/---
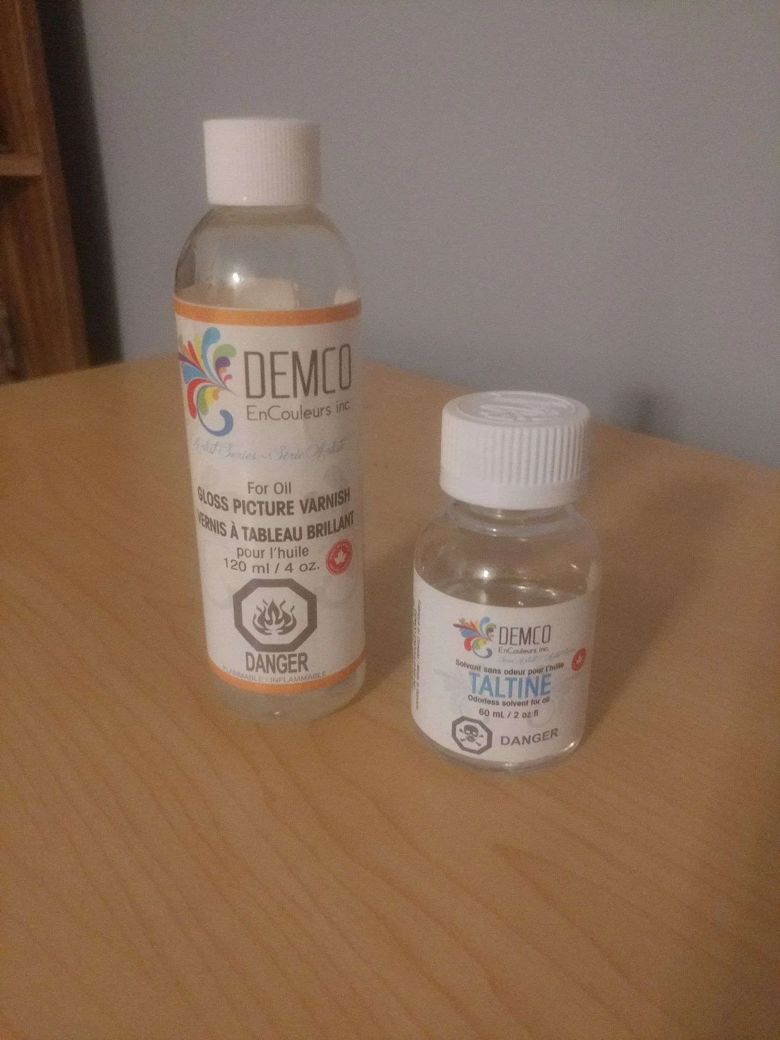 Small bottles of varnish for oil painting and taltine (solvent). More than 3/4 full.
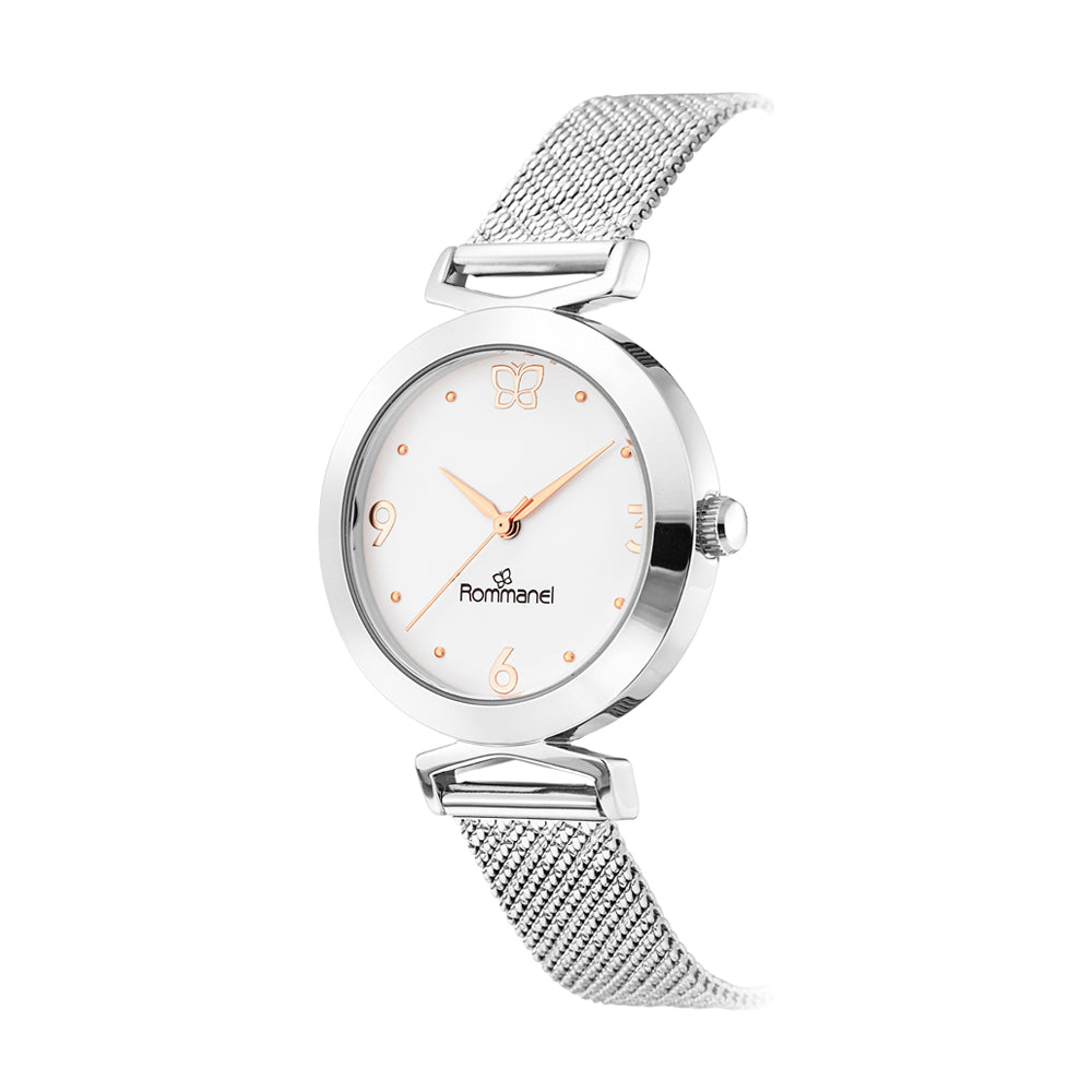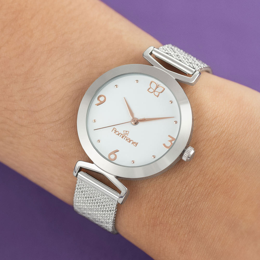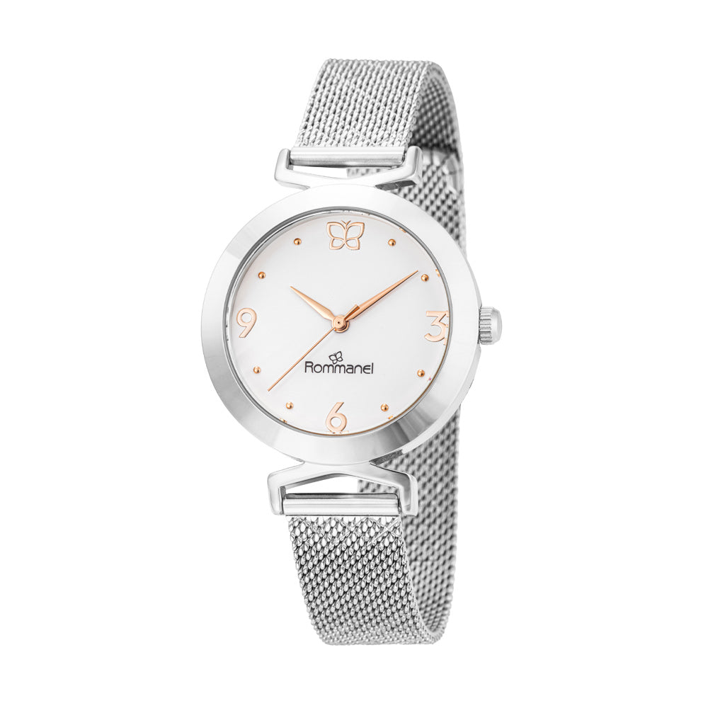 Relógio analógico social prata , caixa redonda de metal, mostrador branco com 1 borboleta, números e ponteiros rose, vidro mineral, pulseira de aço, fecho slide com trava de pressão, resistente a água.
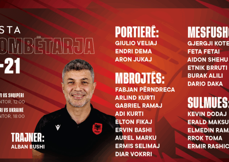 Trajneri Alban Bushi ka publikuar listën me 23 lojtarët e grumbulluar, ku risia e vetme është futbollisti i Ballkanit, Diar Vokrri.
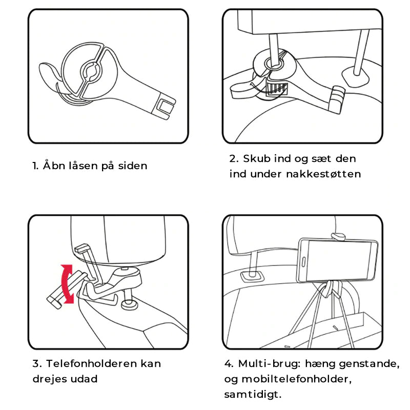 Den er fremstillet af ABS plastik og silikonegummi af høj kvalitet og beskytter nakkestøtten mod ridser og skader. Enkel montering er mulig for alle. På grund af 360-graders rotation kan beslaget nemt skjules, når det ikke er i brug.
\---
WHAT YOU HAVE TO DO ▸ Reproduce the entire listing above precisely, but keep the images out.

ANSWER FOR THE TASK ▸
 Small bottles of varnish for oil painting and taltine (solvent). More than 3/4 full.
 Relógio analógico social prata , caixa redonda de metal, mostrador branco com 1 borboleta, números e ponteiros rose, vidro mineral, pulseira de aço, fecho slide com trava de pressão, resistente a água.
 Trajneri Alban Bushi ka publikuar listën me 23 lojtarët e grumbulluar, ku risia e vetme është futbollisti i Ballkanit, Diar Vokrri.
 Den er fremstillet af ABS plastik og silikonegummi af høj kvalitet og beskytter nakkestøtten mod ridser og skader. Enkel montering er mulig for alle. På grund af 360-graders rotation kan beslaget nemt skjules, når det ikke er i brug.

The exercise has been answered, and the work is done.